I also add my tribute to the noble Lord, Lord Shutt, and the members of the committee, 10 of whom have spoken in today’s debate. It is a matter of regret, as he gently hinted, that the report has enjoyed its first birthday before making an appearance in this House for a debate. As I said last week in connection with another long-delayed report, although perhaps with less force in that case, the House needs to look at how it deals with post-legislative scrutiny, because it becomes extremely post if, once reports are published, they do not reach the Chamber for discussion.

Last week I chanced upon my copy of a book which I last consulted 50 years ago, as I, among others, including the noble Baroness, Lady Deech, who is not in her place today, was preparing for the final examinations for my Oxford law degree. The title of the book was Administrative Law and its author was the eminent legal academic, the Professor of English Law at Oxford, HWR Wade. In those days administrative law could be said to have been in its infancy. Indeed, the Lord Chancellor would be delighted to know that the words “judicial review” do not appear in the index or, indeed, in any other part of the book.

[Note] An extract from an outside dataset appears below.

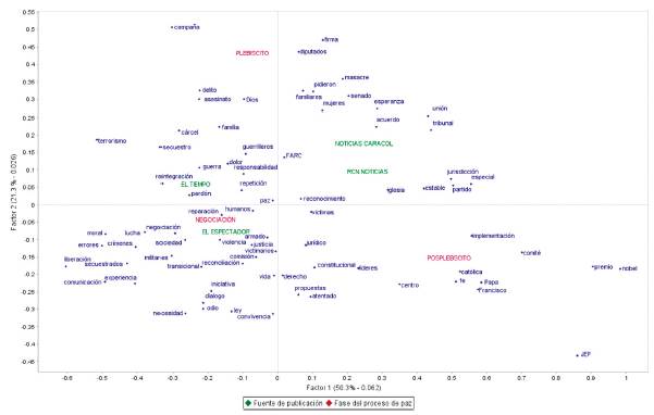 En el plano factorial (Figura 1) se presentan las 77 palabras con sentido semántico más contributivas en los encuadres mediáticos del perdón y la reconciliación. El plano representa las palabras características según la fuente de comunicación y según fase del proceso de paz, ilustrando la contraposición entre las distintas modalidades.

However, there is a chapter on statutory inquiries, which makes instructive reading. Of its 29 pages, 26 are essentially confined to planning inquiries, two to accident inquiries and one to what Professor Wade described as, “a type of public enquiry which from time to time attracts much attention: the special inquiry which Parliament may at any time constitute under the Tribunals of Inquiry (Evidence) Act”. He cited, as examples of the latter, premature disclosures of Budget details by Ministers, allegations that a change in bank rate was prematurely divulged, accusations of brutality by the police and other matters of public importance.

In the first 40 years of the Tribunals of Inquiry (Evidence) Act 1921 only 14 inquiries were established by a vote of both Houses to investigate such matters of urgent public importance, and the following 44 years saw only another 10. It is this Act that was replaced by the 2005 Act, which is the subject of the Select Committee report. Any discussion of inquiries has long since seen matters of urgent public importance overtake planning inquiries and the like as a subject of concern and debate.

Very often, of course, the demands for the establishment of a statutory inquiry arise from questions about the conduct of the Executive in one or other of its various manifestations. It is the role of Ministers in any Government in setting up inquiries, appointing the chair, controlling the disclosure of evidence and publication that not surprisingly provokes scepticism about the process.

It is striking that most of the 2005 Act inquiries arose from deaths in which the role of the police, military or health services came under scrutiny, in addition to the Leveson inquiry and some others. There are others, such as the inquiry into undercover policing, where the inquiry is a 2005 Act inquiry, but as the noble Lord, Lord Shutt, elucidated in a Question last year, the inquiry into the so-called “on the runs” in Northern Ireland is not. That was described as “an administrative review”, despite the issue stemming from a political decision, albeit one that many would say—I would be one of them—was the right one in the circumstances and which contributed to the successful outcome of the protracted negotiations that brought peace to Northern Ireland.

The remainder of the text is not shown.